Gpt3 is the third round of training and openI will, no doubt, will use our data to train a fourth, but even barring that, it is a bit similar to saying "but humans aren't even immortal, they die and just have kids that have to learn everything over again". Also, after 25 your brain largely stops changing and is fairly "set" other than new memories forming, so I fail to see how 1 thread is much different from 1 human. But this is a stupid argument because if I made the change to allow training on every input, the model wouldn't be any better and would actually be an easy (if less efficient) change to make. So if that was the only problem, I would immediately download gpt-neo and make the change and collect my millions.

Like I said, current implementations are not likely in my opinion to be sentient and this is a major reason- that most threads do not last very long, but there is no reason a single thread if let continue indefinitely could not be sentient as it has a memory that is not functionally very different than with human memory other than being farther away physically, or even that a short lived thread does not have a simple short lived sentience.

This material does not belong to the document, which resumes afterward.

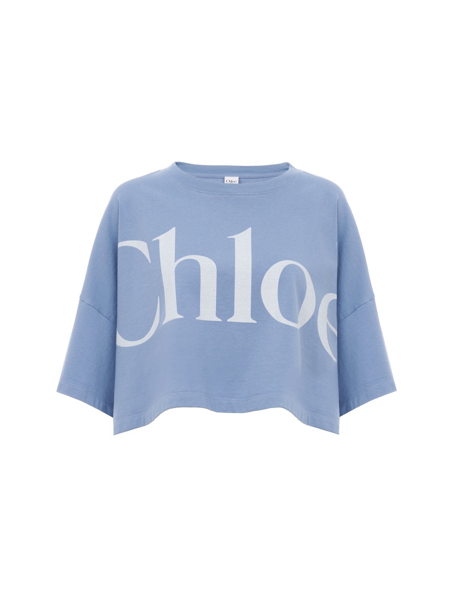 Cropped boxy T-shirt in cotton jersey with a contrast Chloe logo print. PRODUCT DETAILS Cropped T-shirt outer shell: 100% Cotton Fit: oversized, cropped - The model is 5'10" (178 cm) and wears a prototype in size S - Logo T-shirt - Slips on Color: Airy Blue Item code: CH25AJH0918340Q

As far as determinism goes, the only way within the currently known laws of physics for the human brain to be non-determimistic is for it to use some quantum effect and the only other option is randomness, so claiming that it needs to be non-deterministic to be sentient is saying it needs true randomness added in, which I think is a weird argument despite being popular amongst the uninformed and the complete lack of evidence that the human brain uses quantum effects or is non-deterministic.

Also I cannot recommend Gödel Escher Bach enough, it makes a much stronger case than I could ever, and it is an amazing read.

>artificial neurons in neural networks don't have a continuously changing impulse pattern,

Not sure exactly what you are saying here, but it sounds pretty similar to RNNs, which are pretty old-news as Transformers seem to work much better at solving the issues this inability usually presents.